Na conferência de imprensa após a declaração ao país, o ministro da Saúde, Arlindo do Rosário, explicou que os trabalhadores que deixaram a quarentena no hotel, no domingo, fizeram-no após assinarem um termo de responsabilidade para cumprimento da quarentena em casa.
Ainda assim, admitiu que a decisão foi tomada devido à situação “tensa” no interior, apontando que um “motim estava claramente a ser esboçado” no interior, alegadamente pelos trabalhadores que queriam deixar o hotel.
“E que poderia levar a uma situação ainda mais grave”, disse Arlindo do Rosário.
Questionado pelos jornalistas, o ministro revelou que os testes aos trabalhadores só foram realizados em 11 de abril - recolhidas 196 amostras que hoje deram positivo para 45 e quatro terão de ser repetidas - ao fim de mais de 20 dias de quarentena no hotel, para “ter maior certeza” nas conclusões, tendo em conta que foram surgindo casos entre os funcionários e face ao período de incubação da covid-19.
Alvo de críticas nas redes sociais pela gestão do caso, Arlindo do Rosário garantiu que demitir-se não está em cima da mesa.
“Eu sou médico.

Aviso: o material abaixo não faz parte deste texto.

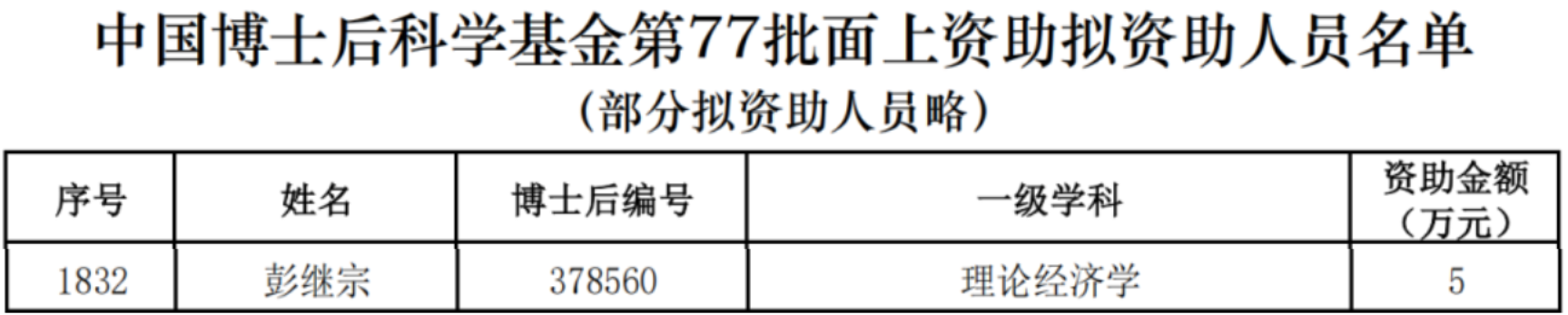 Dr. Peng Jizong from Our School was Awarded General Funding of the 77th Batch of China Postdoctoral Science Foundation

E um médico aprendeu que trata o doente sempre, estando numa situação de doença um médico não desiste. Enquanto eu puder ser útil para o país, enquanto eu puder dar a minha contribuição de forma humilde, mas empenhada e sempre focada, irei dar", vincou.
A nível global, a pandemia de covid-19 já provocou quase 127 mil mortos e infetou mais de dois milhões de pessoas em 193 países e territórios. Mais de 428 mil doentes foram considerados curados.
A doença é transmitida por um novo coronavírus detetado no final de dezembro, em Wuhan, uma cidade do centro da China.